### RECORDS PROVIDED
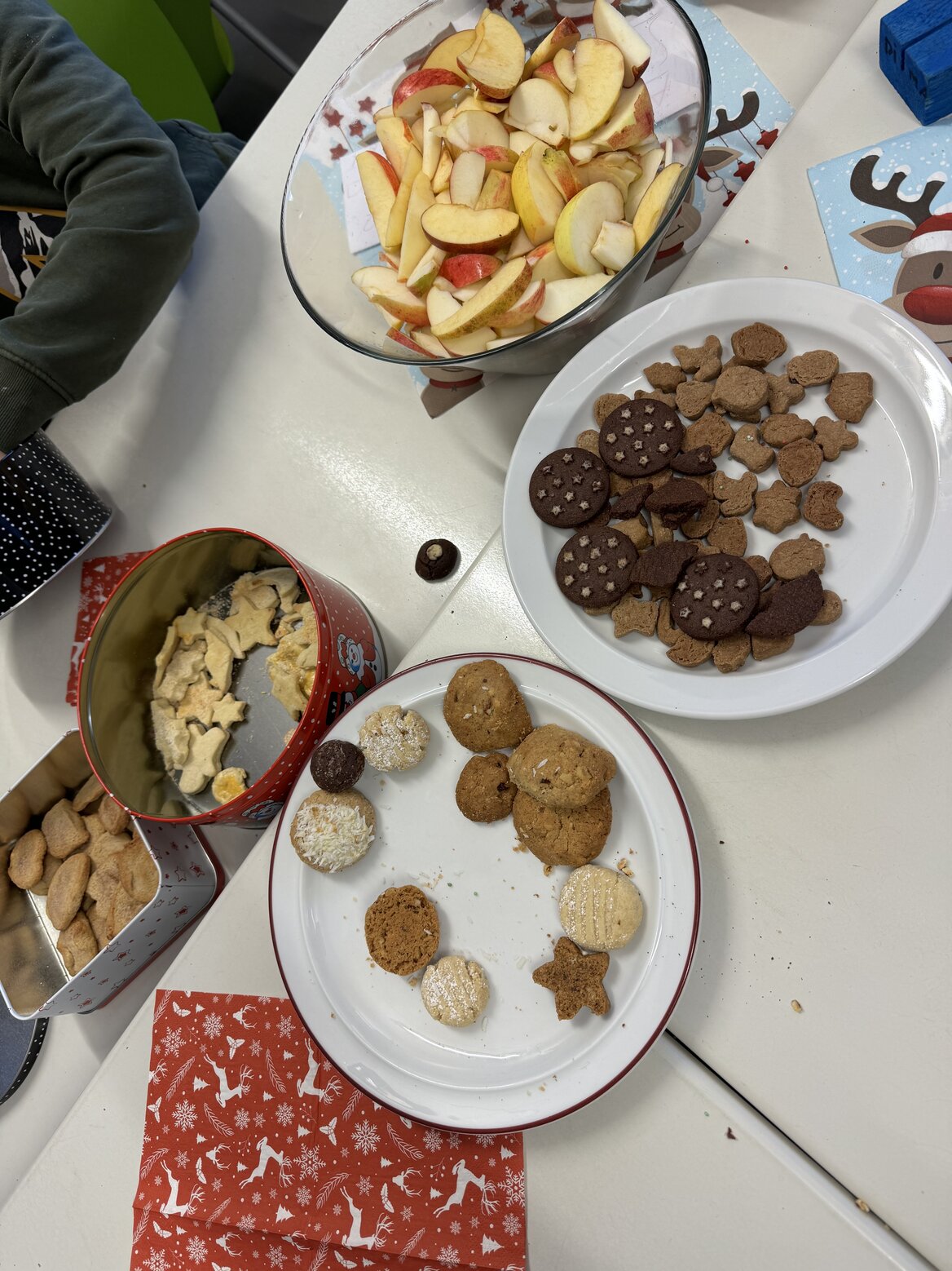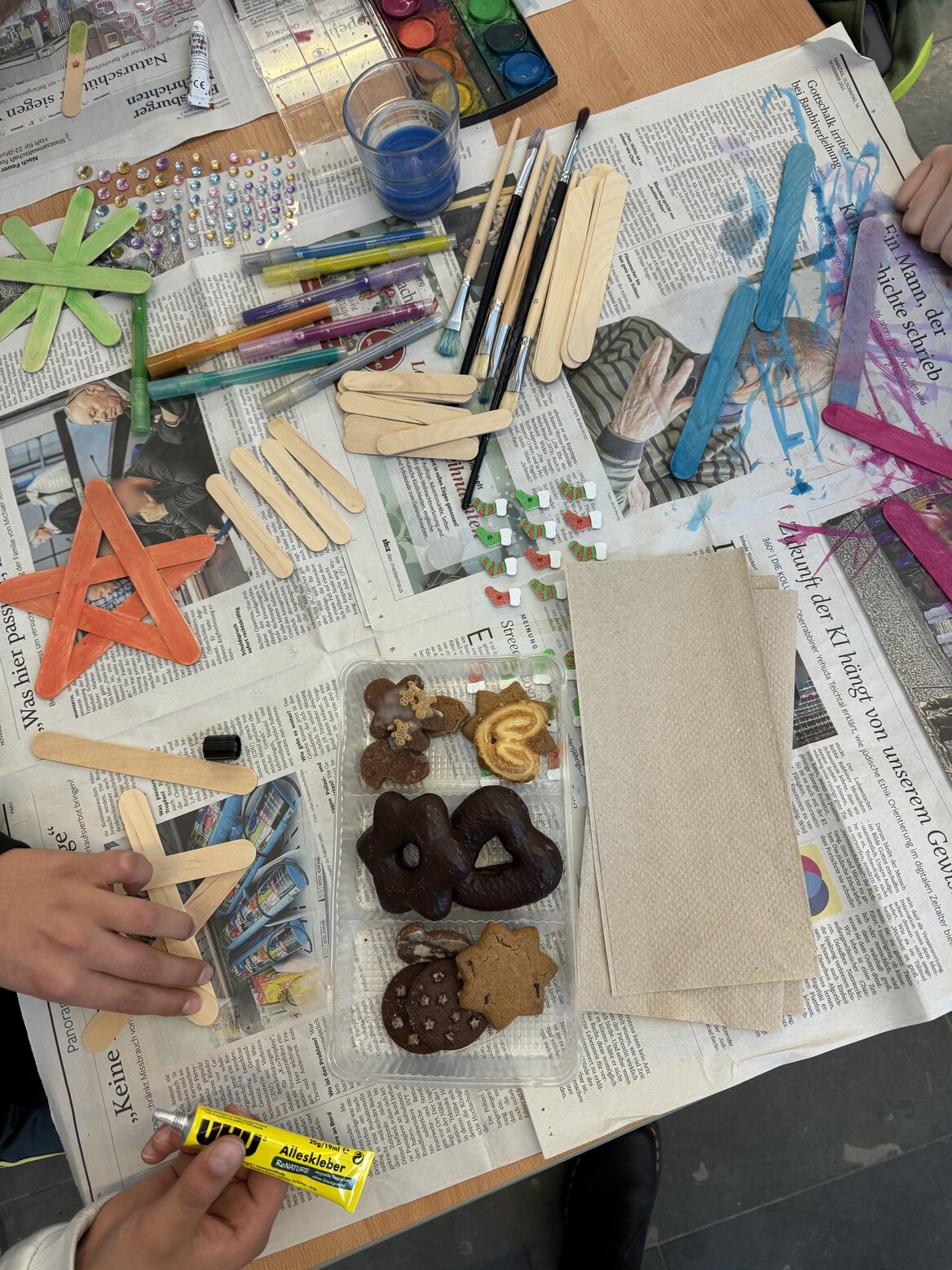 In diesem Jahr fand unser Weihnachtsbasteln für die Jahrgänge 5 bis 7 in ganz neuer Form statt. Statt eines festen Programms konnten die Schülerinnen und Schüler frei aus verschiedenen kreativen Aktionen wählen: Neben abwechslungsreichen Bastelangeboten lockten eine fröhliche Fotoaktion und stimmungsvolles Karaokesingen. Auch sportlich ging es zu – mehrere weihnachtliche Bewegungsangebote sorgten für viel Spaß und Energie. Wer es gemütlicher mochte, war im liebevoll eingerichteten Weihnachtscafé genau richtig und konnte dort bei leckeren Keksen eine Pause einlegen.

==

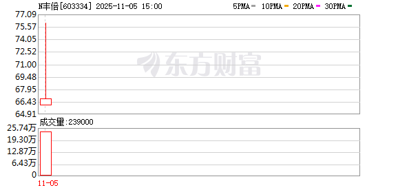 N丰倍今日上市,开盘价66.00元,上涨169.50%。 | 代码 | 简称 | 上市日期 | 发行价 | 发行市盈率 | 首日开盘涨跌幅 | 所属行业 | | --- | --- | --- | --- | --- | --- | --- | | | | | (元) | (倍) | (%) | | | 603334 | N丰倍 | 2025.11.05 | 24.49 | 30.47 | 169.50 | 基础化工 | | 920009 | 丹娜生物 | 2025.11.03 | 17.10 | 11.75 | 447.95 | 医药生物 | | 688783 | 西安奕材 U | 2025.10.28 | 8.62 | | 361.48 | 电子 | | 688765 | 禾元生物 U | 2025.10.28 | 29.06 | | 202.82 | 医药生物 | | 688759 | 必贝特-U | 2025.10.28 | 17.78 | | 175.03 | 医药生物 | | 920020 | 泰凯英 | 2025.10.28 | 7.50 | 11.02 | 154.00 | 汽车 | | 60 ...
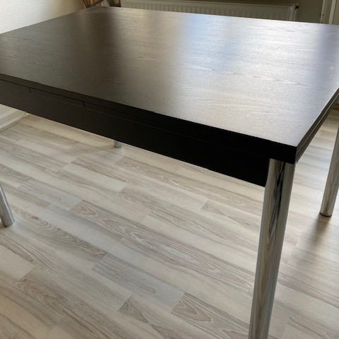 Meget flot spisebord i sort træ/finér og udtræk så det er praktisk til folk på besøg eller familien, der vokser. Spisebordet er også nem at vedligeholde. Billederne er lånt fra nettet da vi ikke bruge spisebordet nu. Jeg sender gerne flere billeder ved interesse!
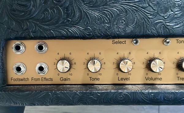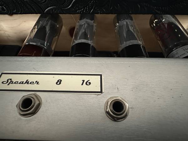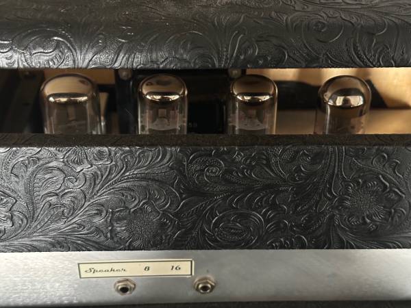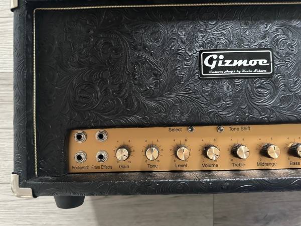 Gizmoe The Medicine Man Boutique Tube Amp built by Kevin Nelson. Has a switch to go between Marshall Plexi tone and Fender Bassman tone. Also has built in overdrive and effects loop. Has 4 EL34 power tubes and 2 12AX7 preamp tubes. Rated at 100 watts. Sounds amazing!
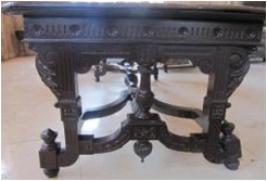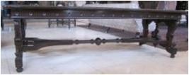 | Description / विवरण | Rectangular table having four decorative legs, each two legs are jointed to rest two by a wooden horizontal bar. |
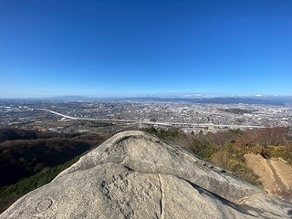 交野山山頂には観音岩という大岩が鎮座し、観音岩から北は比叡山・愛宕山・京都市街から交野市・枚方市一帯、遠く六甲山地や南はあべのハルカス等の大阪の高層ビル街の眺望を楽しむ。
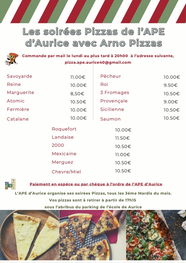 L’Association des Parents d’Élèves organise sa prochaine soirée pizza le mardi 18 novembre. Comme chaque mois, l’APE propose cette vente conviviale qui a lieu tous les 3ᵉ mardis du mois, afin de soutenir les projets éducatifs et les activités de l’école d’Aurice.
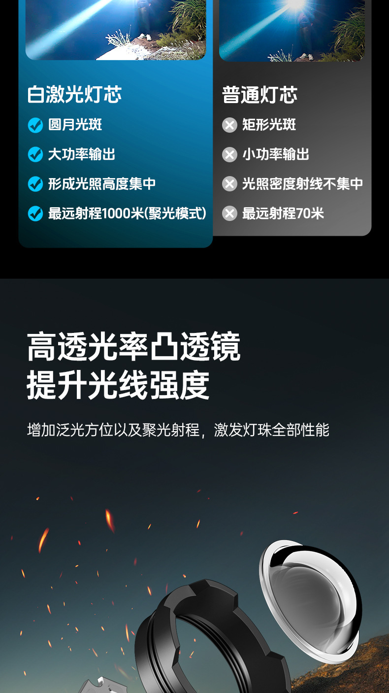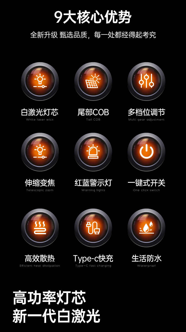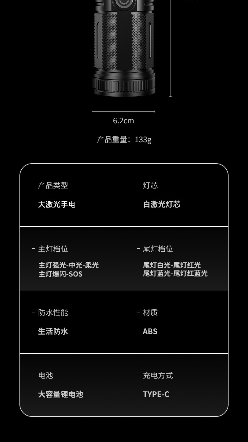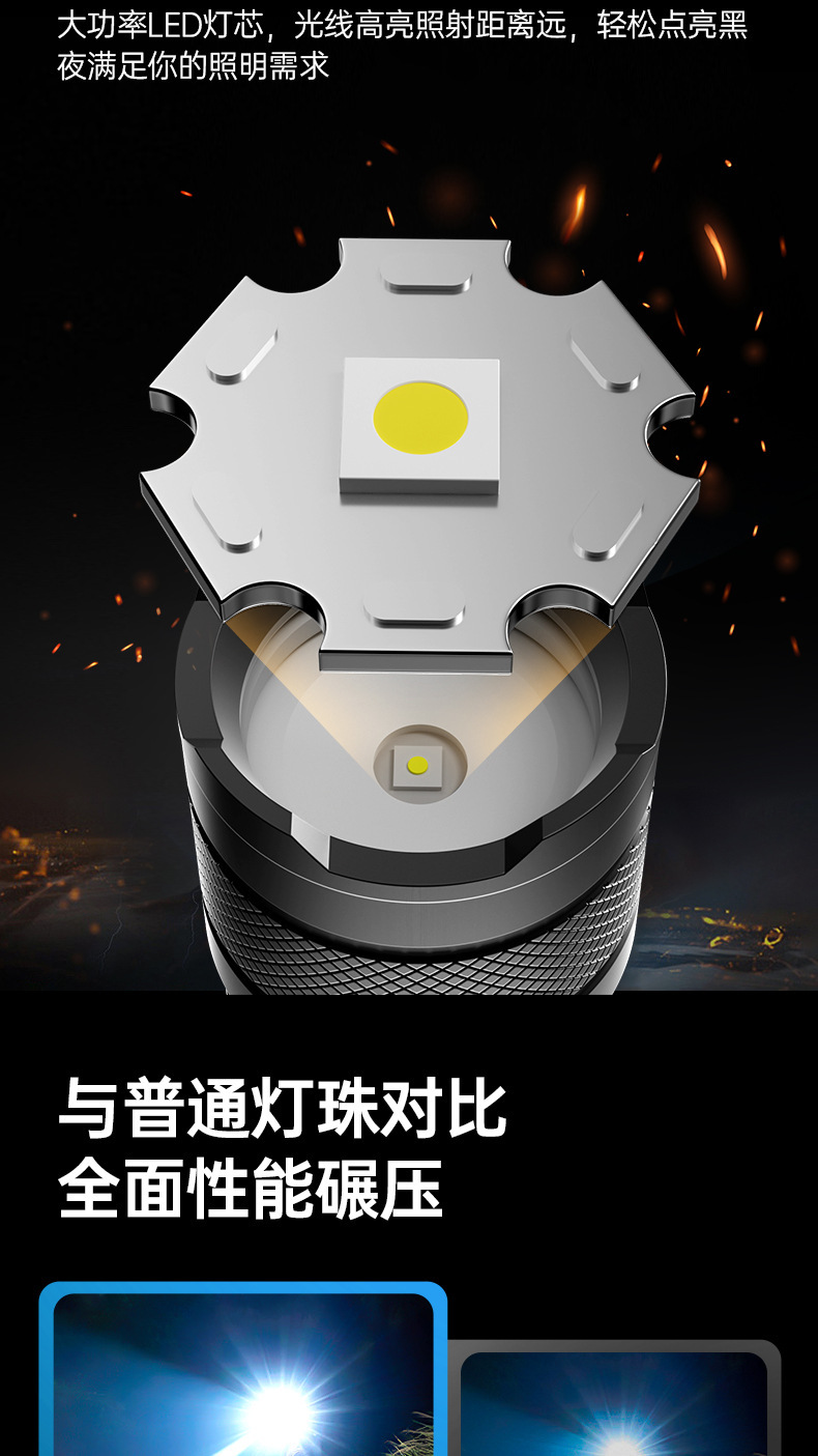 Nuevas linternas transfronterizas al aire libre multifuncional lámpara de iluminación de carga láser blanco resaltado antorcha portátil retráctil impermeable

### TASK INSTRUCTIONS
Beginning with the line above that contains "交野山山頂には観音岩という大" and finishing with the line that contains "L’Association des Parents", print those lines exactly and only. Skip all pictures.

### EXERCISE OUTPUT
 交野山山頂には観音岩という大岩が鎮座し、観音岩から北は比叡山・愛宕山・京都市街から交野市・枚方市一帯、遠く六甲山地や南はあべのハルカス等の大阪の高層ビル街の眺望を楽しむ。
 L’Association des Parents d’Élèves organise sa prochaine soirée pizza le mardi 18 novembre. Comme chaque mois, l’APE propose cette vente conviviale qui a lieu tous les 3ᵉ mardis du mois, afin de soutenir les projets éducatifs et les activités de l’école d’Aurice.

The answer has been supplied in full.